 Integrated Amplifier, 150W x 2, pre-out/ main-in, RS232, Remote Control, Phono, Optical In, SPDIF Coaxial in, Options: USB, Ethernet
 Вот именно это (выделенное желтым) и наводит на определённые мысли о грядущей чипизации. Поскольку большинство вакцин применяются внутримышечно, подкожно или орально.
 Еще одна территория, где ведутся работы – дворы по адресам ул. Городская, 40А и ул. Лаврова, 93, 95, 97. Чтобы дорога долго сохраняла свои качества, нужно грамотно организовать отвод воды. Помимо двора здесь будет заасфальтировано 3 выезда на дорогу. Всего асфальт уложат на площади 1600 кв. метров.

* * *

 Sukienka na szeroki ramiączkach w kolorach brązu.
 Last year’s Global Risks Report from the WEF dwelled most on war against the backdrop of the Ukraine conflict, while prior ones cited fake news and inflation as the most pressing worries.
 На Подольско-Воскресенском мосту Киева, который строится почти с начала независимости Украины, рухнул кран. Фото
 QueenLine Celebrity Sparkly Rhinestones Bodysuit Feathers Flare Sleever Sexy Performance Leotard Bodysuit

...

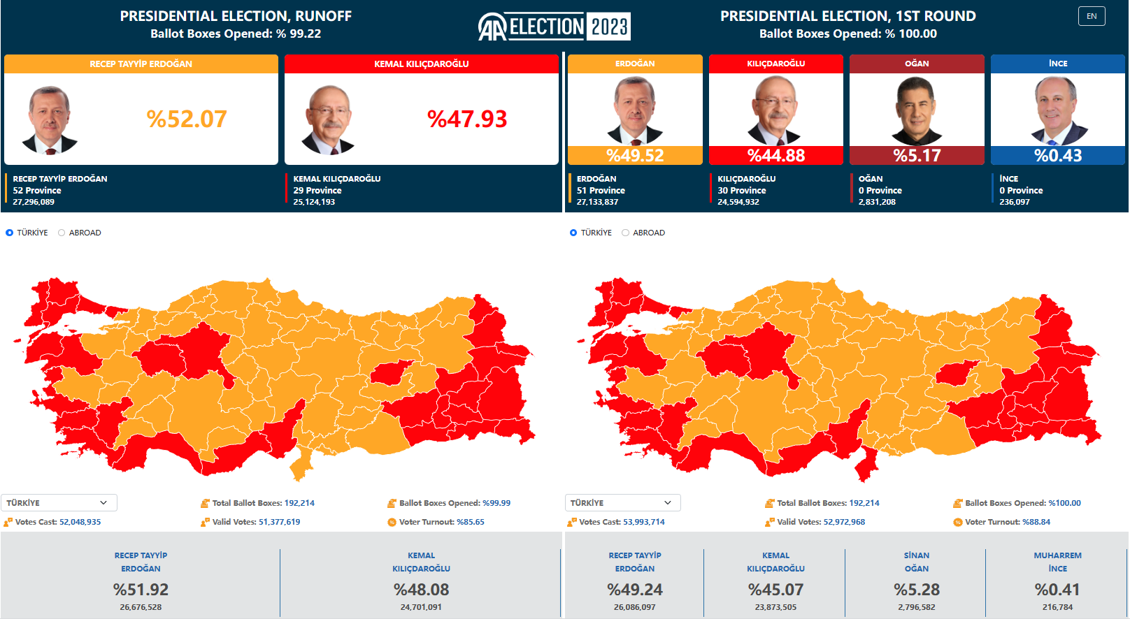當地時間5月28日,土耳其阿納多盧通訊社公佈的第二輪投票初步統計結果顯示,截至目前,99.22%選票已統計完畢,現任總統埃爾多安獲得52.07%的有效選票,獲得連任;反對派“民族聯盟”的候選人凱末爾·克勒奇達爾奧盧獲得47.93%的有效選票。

→ Problem description
From the material above, set down exactly the lines starting at the one with "Вот именно это" and ending at the one with "Еще одна территория, где", end lines included.

→ Answer box
 Вот именно это (выделенное желтым) и наводит на определённые мысли о грядущей чипизации. Поскольку большинство вакцин применяются внутримышечно, подкожно или орально.
 Еще одна территория, где ведутся работы – дворы по адресам ул. Городская, 40А и ул. Лаврова, 93, 95, 97. Чтобы дорога долго сохраняла свои качества, нужно грамотно организовать отвод воды. Помимо двора здесь будет заасфальтировано 3 выезда на дорогу. Всего асфальт уложат на площади 1600 кв. метров.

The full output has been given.